The album consists of eleven tracks that range from unreleased songs written by the singer-songwriter himself with the collaboration of authors and producers, including Federico Nardelli. The project is available in various formats, including standard CD, audio cassette, standard vinyl, picture vinyl and autographed editions.

==Cover==
The album cover depicts an ant, a symbol chosen to represent the solidity of Gazzelle's artistic path and the power of music in its simplicity.

==Promotion==
===Singles===
The lead single from the album, Tutto qui, was released on 7 February 2024 in conjunction with Gazzelle's participation in the 74th Sanremo Festival. On 24 May 2024, Mezzo secondo was released as the second single from the album. On 29 November 2024, Come il pane was released as the third single from the album. The fourth single from the album, Noi no, was released on 3 January 2025. The fifth single from the album was Da capo a 12, released on 14 March 2025.

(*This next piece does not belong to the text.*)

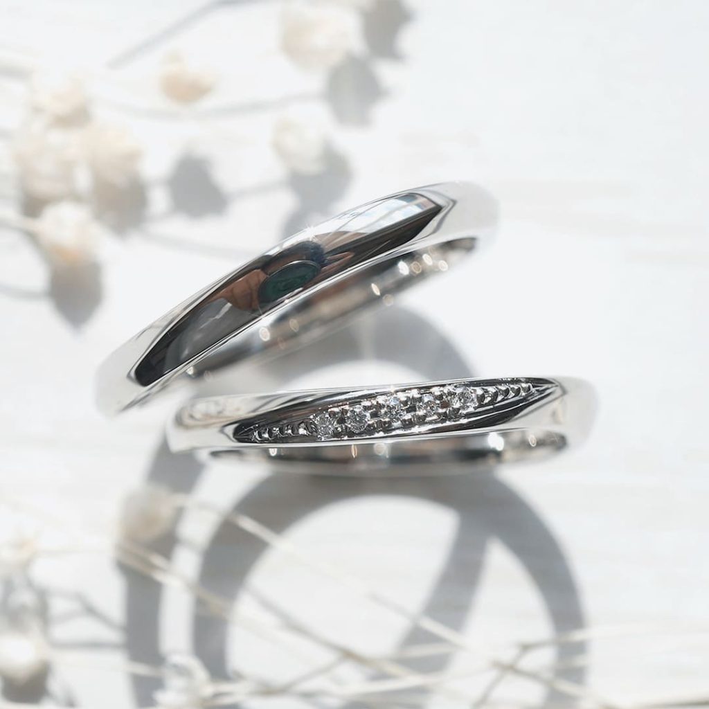 プラチナ素材の手作り結婚指輪。 長いひねりが美しい曲線を生むリングに仕上がっています。 lady'sリングにはダイヤモンドが5石留まっています。
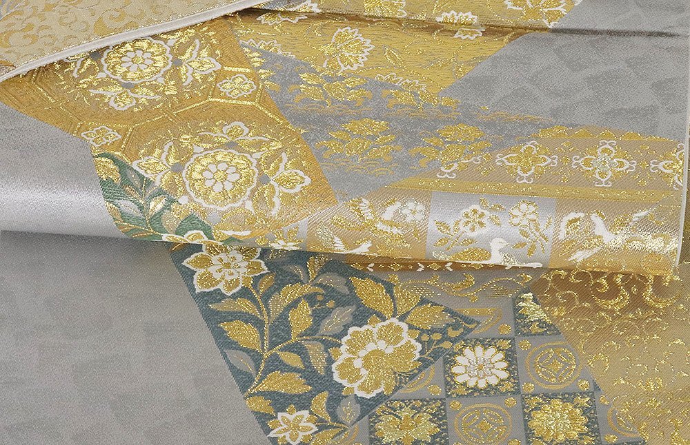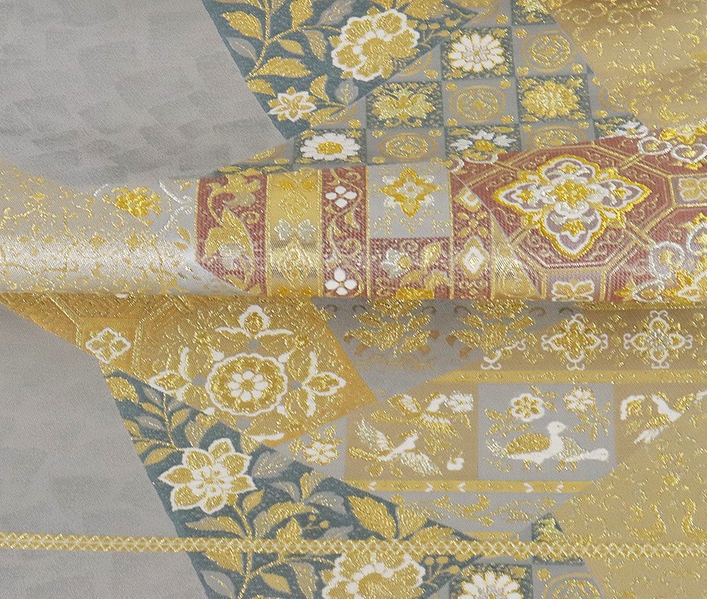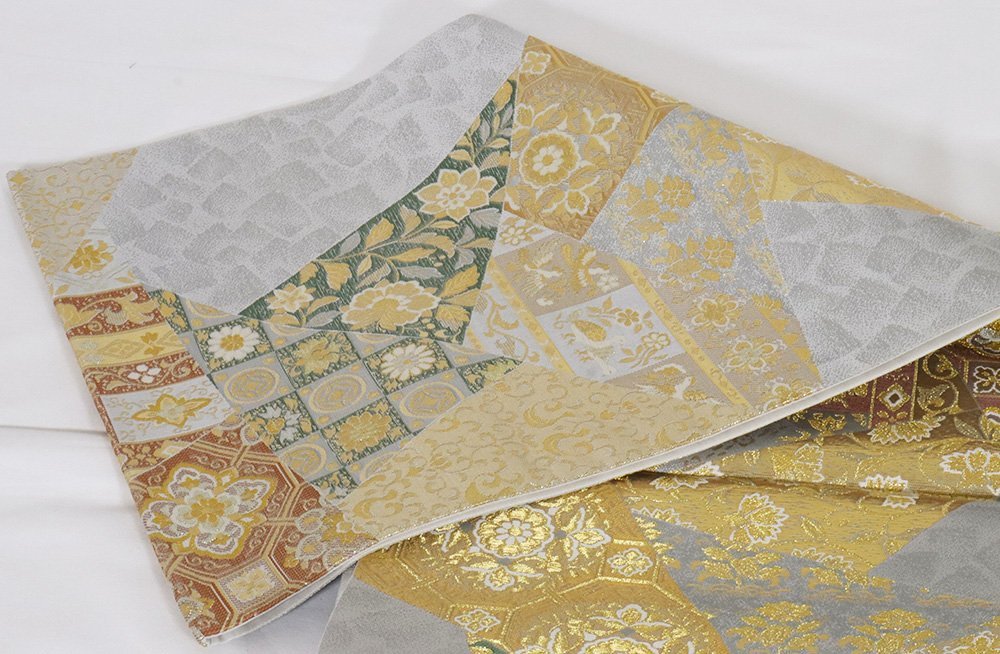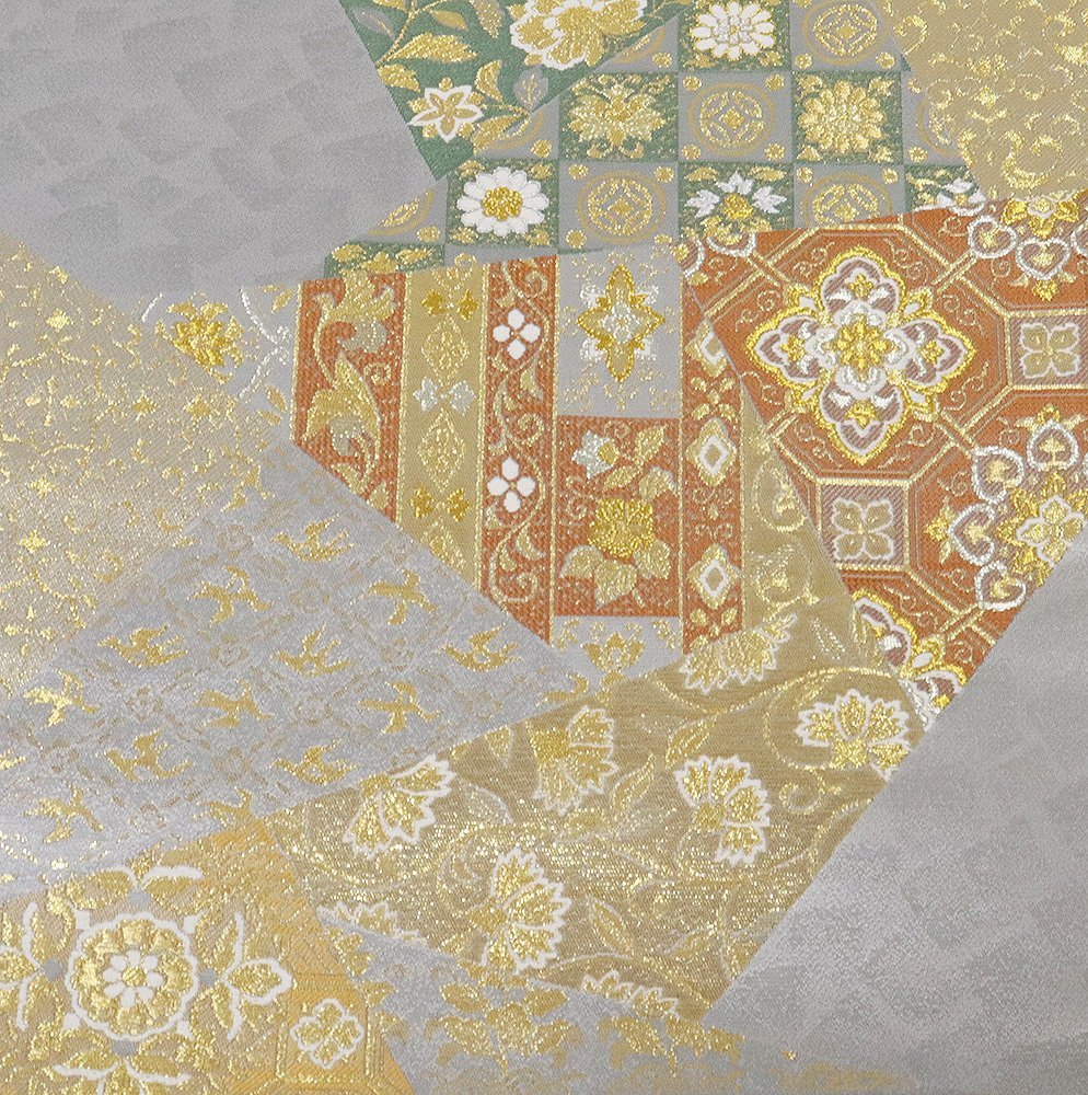 | 西陣織袋帯 銀・格子・金箔地 正倉院文様 華文・唐花・裂取文 鳥・菊・笹蔓 新品 仕立て上がり |

On 9 May 2025, Stupido was released as the lead single from the digital re-release of the album.

===Tour===
To promote the album, the Gazzelle announced two stadium concerts: on 7 June 2025 at the Circo Massimo in Rome and on 22 June, at the San Siro Stadium in Milan.

== Track listing ==

- Bonus track on the digital re-release

| No. | Title | Length |
|---|---|---|
| 1. | "Piango anche io" | 3:09 |
| 2. | "Grattacieli meteoriti gli angeli" | 3:24 |
| 3. | "Noi no" | 3:16 |
| 4. | "Stammi bene" | 3:35 |
| 5. | "Come il pane" | 3:52 |
| 6. | "Da capo a 12" | 3:34 |
| 7. | "Foglie" | 2:20 |
| 8. | "Il mio amico si sposa" | 1:56 |
| 9. | "Tutto qui" | 3:31 |
| 10. | "Mezzo secondo" | 3:26 |
| 11. | "Non lo sapevo" | 3:28 |

| No. | Title | Length |
|---|---|---|
| 12. | "Stupido" | 3:10 |

==Charts==

Chart performance for Indi
| Chart (2025) | Peak position |
|---|---|
| Italian Albums (FIMI) | 3 |

==Certifications==

Certifications for Indi
| Region | Certification | Certified units/sales |
| Italy (FIMI) | Gold | 25,000^{‡} |
^{‡} Sales+streaming figures based on certification alone.